◆ Task to complete ◆
Your answer must be the lines from the top of the listing below through the line that holds "商品名称: 三木(SUNWOOD)4级保密专业销毁碎纸机 (单次25张", retyped exactly, with no pictures.
--------------------------------------------------
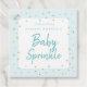 Ein skurriles Baby-Sprinkle Baby-Dusche Gefälligkeitstag mit Regenbogen-Sprinklen Rand auf einem himmelblauen Hintergrund.
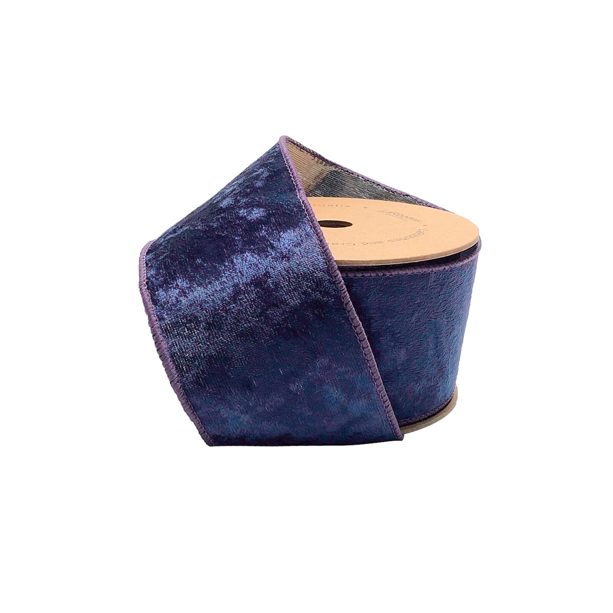 2 1/2" Reversible Velvet/Lurex Wired Ribbon | Dk Purple/Silver | 10 Yard Roll
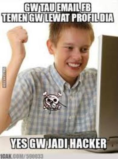 Meme ada di mana saja, dari persoalan yang ringan sampai hal genting di babat habis oleh jenis humor satu ini. Tidak terkecuali dunia hacker yang terkenal suram dan penuh jebakan. Tapi yang kita bicarakan bukan Hacker asli yang sering kamu lihat di Televisi, melainkan si Hekel yang ngakunya punya kemampuan tinggi tapi aslinya bocah.
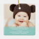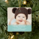 Baby's Stats Blue Green 1st Christmas Photo Ceramic Ornament
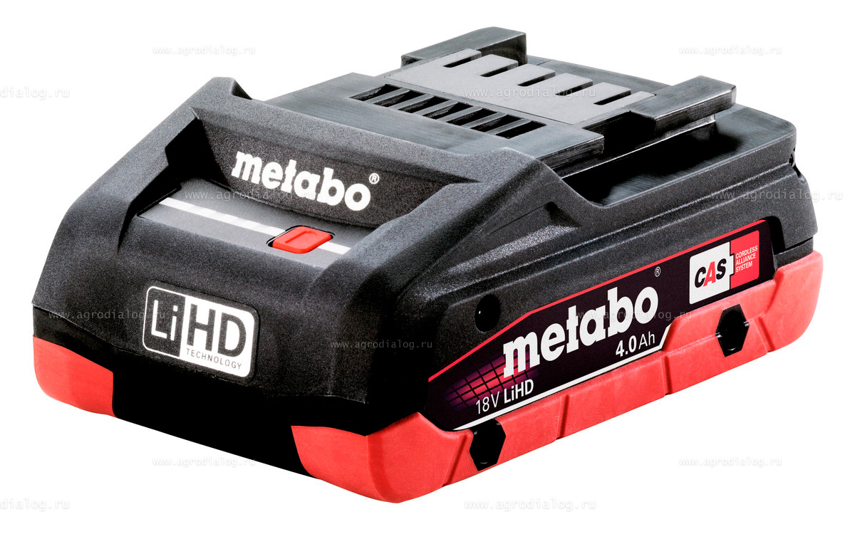 - Аккумулятор Metabo LiHD 18В 4.0 Ач совместим со всеми аккумуляторными устройствами Metabo 18B.
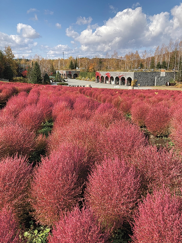 約400万平方メートルの敷地は四つのエリアに分かれる。見どころはカントリーガーデンに植えられた約6千株のコキア。こんもり丸い形が赤く染まる姿が愛らしい一年草で、樹木とは違った魅力がある。22、23日は園内の紅葉スポットを巡る無料のシャトルバスを運行。
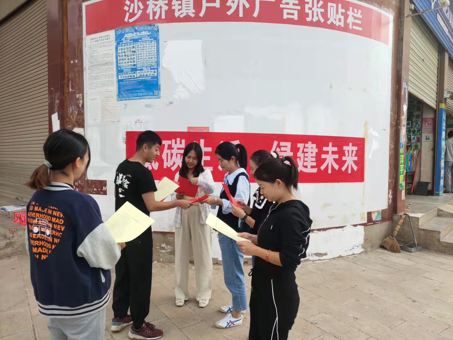 在全国低碳日到来之际,为提高全民节约意识,营造良好节能氛围,沙桥镇组织经济发展办、党政办6名干部职工在农贸市场、中心完小及镇区街边集中开展主题为“低碳生活,绿建未来”节能宣传周和低碳日活动。
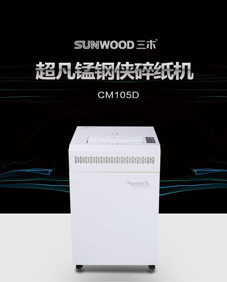 商品名称: 三木(SUNWOOD)4级保密专业销毁碎纸机 (单次25张 持续120分钟 65L 可碎纸,光盘,卡,回形针、订书针) CM105D CM105D/台
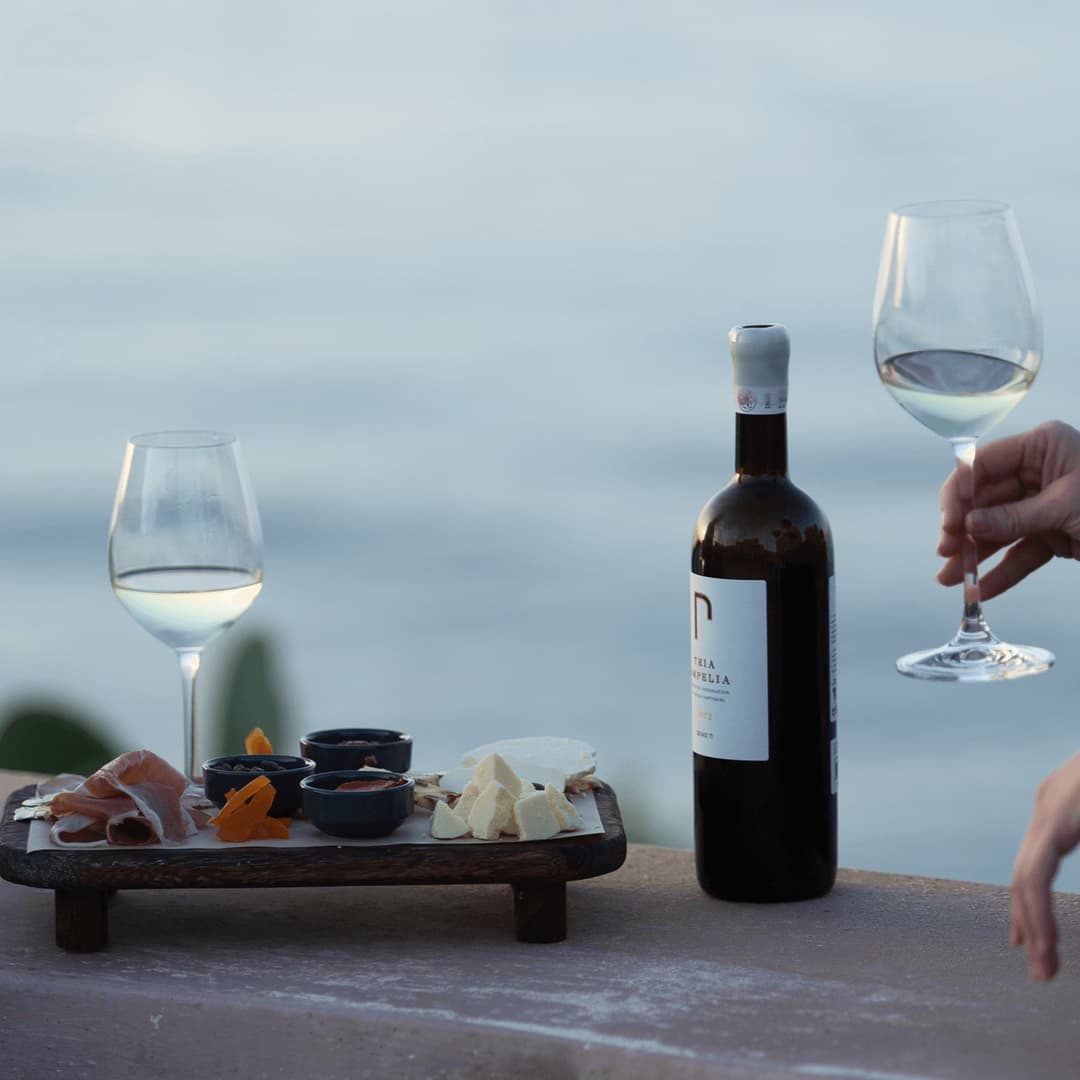 Detailed tasting of our first and most important label, Tria Ampelia, the 100% Assyrtiko wine. With vintages from the first bottling in 2020 to the most recent in 2023. Throughout this experience you will follow the evolution of Assyrtiko over time and discover its unique aging characteristics. The tasting will take place in our courtyard With a majestic view of the Aegean Sea. Discover the taste of Santorini and feel the breeze of a true jewel. Tasting includes: Tria Ampelia, Assyrtiko PDO, The full course
--------------------------------------------------
◆ Result of the task ◆
 Ein skurriles Baby-Sprinkle Baby-Dusche Gefälligkeitstag mit Regenbogen-Sprinklen Rand auf einem himmelblauen Hintergrund.
 2 1/2" Reversible Velvet/Lurex Wired Ribbon | Dk Purple/Silver | 10 Yard Roll
 Meme ada di mana saja, dari persoalan yang ringan sampai hal genting di babat habis oleh jenis humor satu ini. Tidak terkecuali dunia hacker yang terkenal suram dan penuh jebakan. Tapi yang kita bicarakan bukan Hacker asli yang sering kamu lihat di Televisi, melainkan si Hekel yang ngakunya punya kemampuan tinggi tapi aslinya bocah.
 Baby's Stats Blue Green 1st Christmas Photo Ceramic Ornament
 - Аккумулятор Metabo LiHD 18В 4.0 Ач совместим со всеми аккумуляторными устройствами Metabo 18B.
 約400万平方メートルの敷地は四つのエリアに分かれる。見どころはカントリーガーデンに植えられた約6千株のコキア。こんもり丸い形が赤く染まる姿が愛らしい一年草で、樹木とは違った魅力がある。22、23日は園内の紅葉スポットを巡る無料のシャトルバスを運行。
 在全国低碳日到来之际,为提高全民节约意识,营造良好节能氛围,沙桥镇组织经济发展办、党政办6名干部职工在农贸市场、中心完小及镇区街边集中开展主题为“低碳生活,绿建未来”节能宣传周和低碳日活动。
 商品名称: 三木(SUNWOOD)4级保密专业销毁碎纸机 (单次25张 持续120分钟 65L 可碎纸,光盘,卡,回形针、订书针) CM105D CM105D/台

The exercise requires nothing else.